Our discussion will likely be applicable to various abstract systems, but we’ll be particularly interested in computational systems, which we model as deterministic state machines. Such a system consists of a state space, $L$, and a state transition function, $\tau_L : L \to L$ , which takes a current state $\ell_t$ and maps it to the next state $\ell_{t+1}$ (A digital system will want for $L$ to be a finite/discrete domain, but we’ll start continuous and see what happens).
What does it mean for our abstract system to be implemented in the world? Let $U$ be a set representing the possible states of the world, and let $\tau : U \to U$ be the world’s state transition function.

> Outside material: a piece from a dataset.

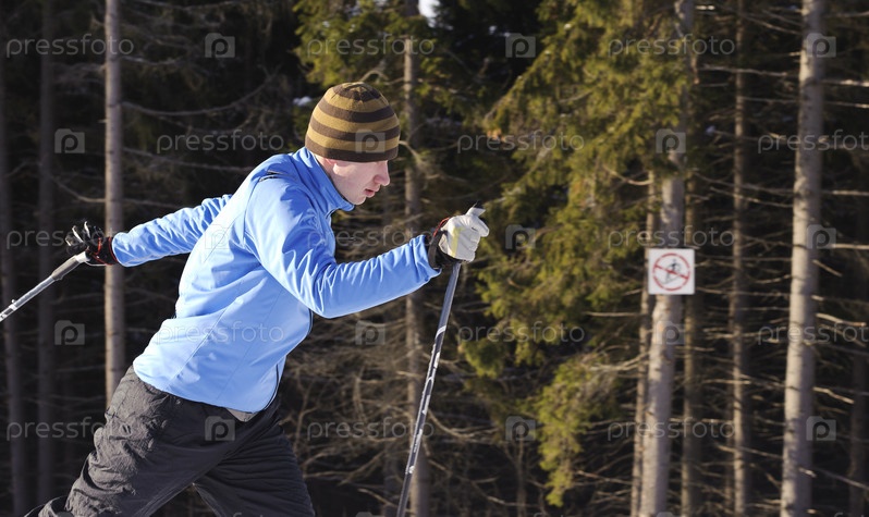 Лыжник на прогулке в парке

We’ll say that the world realizes an abstract state machine $\tau_L$ if there exists a mapping $m : U \to L$ such that the following commutation relationship holds:
This relationship implies a kind of causal closure; Any information about the world which is thrown away by $m$ cannot later influence $\ell$. To get a better picture about what this means, let’s assume that $U$ has a product structure, $U = S \times E$ where $S$ represents the state of the system and $E$ represents its environment, and that $m$ only depends on the system state, i.e., $m = m_S \circ \pi_S$, where $\pi_S$ is a projector from $U$ onto $S$. Our digital abstraction relationship says that the environment cannot causally affect the behavior of the system since $m(\tau(s,e)) = \tau_L(m_S(s))$ $\forall e \in E$.
We can make a stylized argument to show why it isn’t possible to have this kind of causal closure when the abstract system is continuous.

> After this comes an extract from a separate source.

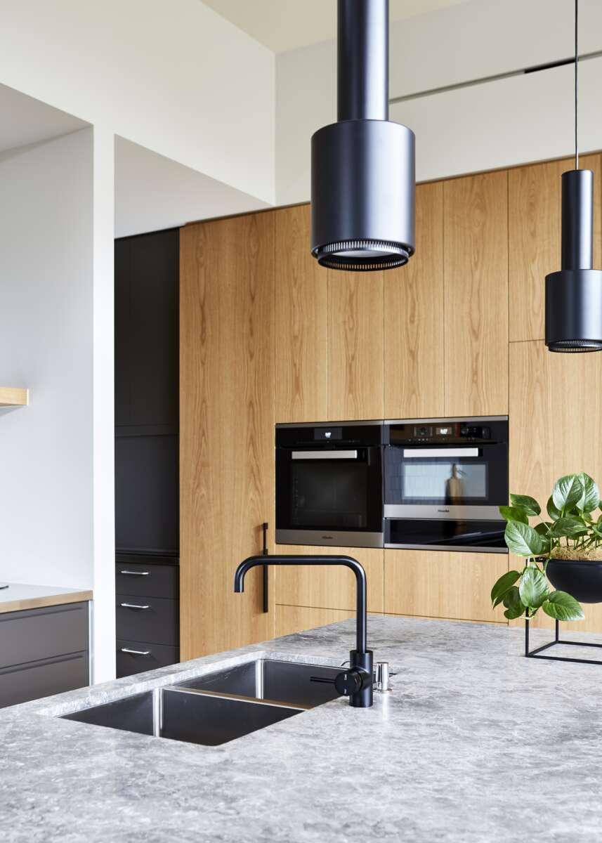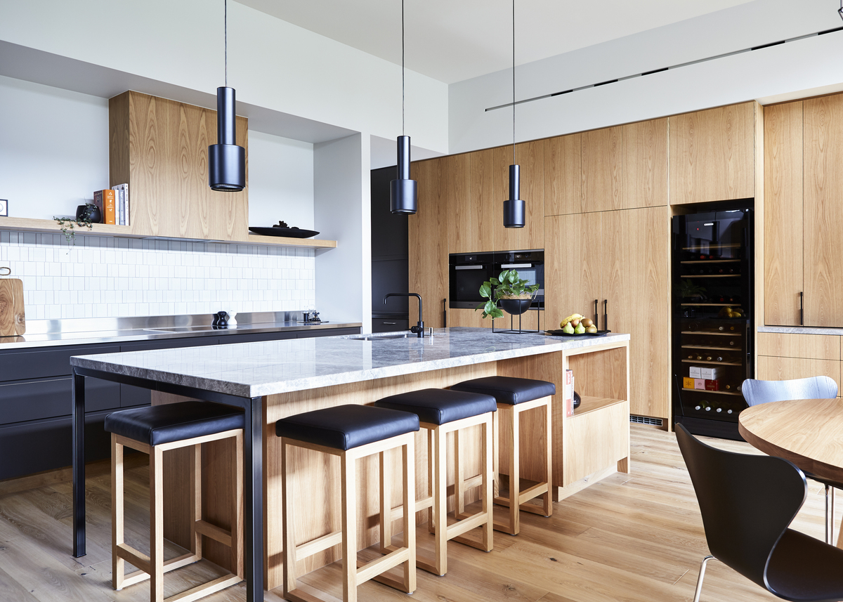 Featured in the July 2019 issue of Home Beautiful magazine, Beaumaris House is layered with rich timber textures, from the floorboards to the natural American Oak cabinetry.

Let $\tau_S = \pi_S \circ \tau$ be the restriction of $\tau$ to $S$. We’ll suppose $\tau_S$ decomposes into two sequential steps:
$$ \tau_S = \tau_2 \circ \tau_1 $$where $\tau_1 : S \times E \to S$ captures any coupling from the environment, and $\tau_2 : S \to S$ captures the internal system update. We’ll also model $S$ and $L$ as metric spaces and assume that there exist $\epsilon_2 > \epsilon_1 > 0$ such that for any $s \in S$, the set $\{\tau_1(s,e) : e \in E\}$ contains a ball of size $\epsilon_1$ and is contained in a ball of size $\epsilon_2$. This essentially means that the environmental effect on the system state is isotropic; environmental effects can move the system state in any direction by at least $\epsilon_1$ but no further than $\epsilon_2$.

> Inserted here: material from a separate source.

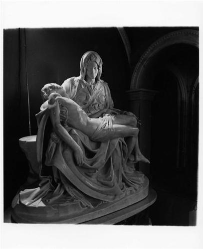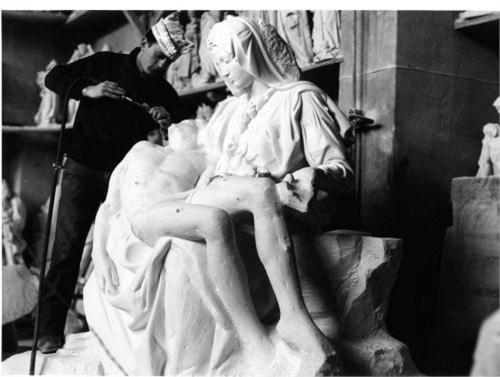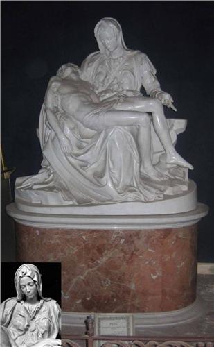 PIETA - Michelangelo's most famous masterpiece, the Pieta was sculptured in the year 1500 when the artist was but 25 years of age. Like his original at St. Peter's Cathedral in Rome, Italy, this reproduction was carved from ONE flawless piece of Carrara marble taken from Michelangelo's own quarry near his hometown of Pietrasanta, Italy. This piece was recreated by Pietrasanta artisans for the Palace of Living Art at the Movieland Wax Museum.  It weighs over 8 tons and took 2 years to complete to perfection. Note Michelangelo's name carved across the robe of The Virgin. He added the signature "Michelangelo Buonorroti of Florence Made This" after the completion of the statue when Michelangelo got word of arguments over the artist's identity. It is the only one of Michelangelo's works to bear his name. Includes photos of the making of this exquisite masterpiece reproduction.

If $m_S \circ \tau_S$ is a continuous, non-constant function, then our abstraction breaks. We just need to find an $s$ and $s'$ with $||s - s'|| < \epsilon_1$ where $\tau_S \circ m_S(s) \neq \tau_S \circ m_S(s')$ ) (these will exist since the composition is continuous and non-constant). Then we know that we can choose $e$ and $e'$ to make $||\tau_1(s,e) - s|| = 0$ and $||\tau_1(s,e') - s|| > \epsilon_1$ so that $m(s,e) \neq m(s,e')$.
On the other hand, we can preserve the abstraction if we are willing to make $\tau_S$ discrete. We can define a mesh $G \subset S$ with spacing $\delta > 2\epsilon_2$, and let $r : S \to G$ be the nearest-point rounding function, which maps each point to its closest mesh point. We can then define a discretized system update:
$$\tau'_2 = r \circ \tau_2 \circ r$$The rounding on the right erases any environmental perturbation stemming from $\tau_1$, assuming that $s$ started on a mesh point. The rounding on the left, ensures that the system state ends on a mesh point after the internal update, so that the commutation condition can be preserved as an inductive invariant. In this case, having made $\tau_S$ discrete, our abstraction is effectively discrete as well, since $m_S$ only sees values on the mesh $G$.
In practice, this version of $\tau_S$ is unphysical. We can’t snap the physical state to a specific point on a mesh. But we can create potential wells which form a basin of attraction to combat environmentally induced drift. Each full basin is then mapped by $m_S$ to a single point in the discrete abstraction space. The physical system can then implement the abstracted logic as long as it can manage to move the state into a vicinity corresponding to the target basin.
To recap: The goal of this development is to shift the way that we think about digital systems from “systems with discrete domains” to “systems with a shocking level of environmental isolation, which use discretization to achieve this.”
Informational and Computational Closure
Our formulation is a bit too restrictive to describe real systems, which may in fact have some form of interaction with the environment.
However, we can replace the concept of environmental isolation with a related and equally powerful idea: informational closure. Informational closure says that the abstract model can only depend on a narrow information channel from the environment; specifically, one which transmits information at a finite and bounded rate.
We can model this as follows: Let $i \in I$ be an input symbol that the abstract model is allowed to receive from the environment, selected by a channel $p : E \to I$. The abstract model now has the form $\tau_L : L \times I\to L$, and the generalized commutation condition is:
The important sense in which I want to say that this is a closure is the following:
- For an informational closed / digital system, it is possible to know or certify that the system’s behavior was only influenced by the information contained in $I$.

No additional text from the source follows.